*** Available data Section Begins ***
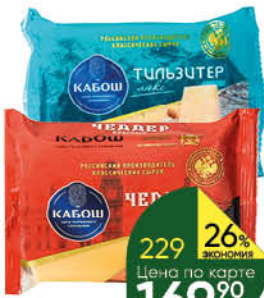
Сыр КАБОШ Тильзитер; Чеддер 47-49%, 200 г
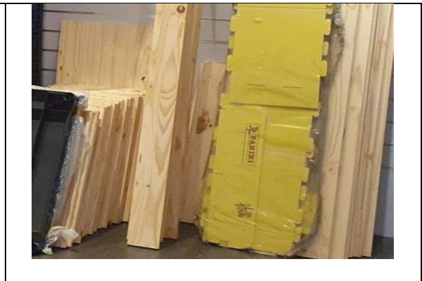
Item 17: Madeiras p/ prateleiras div. tamanhos.
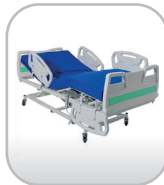
Cama hospitalar automatizada com colchão
*** Available data Section Ends ***
■ Directions
In your copy, restate the data above word for word but leave out any picture.

■ Your solution
Сыр КАБОШ Тильзитер; Чеддер 47-49%, 200 г
Item 17: Madeiras p/ prateleiras div. tamanhos.
Cama hospitalar automatizada com colchão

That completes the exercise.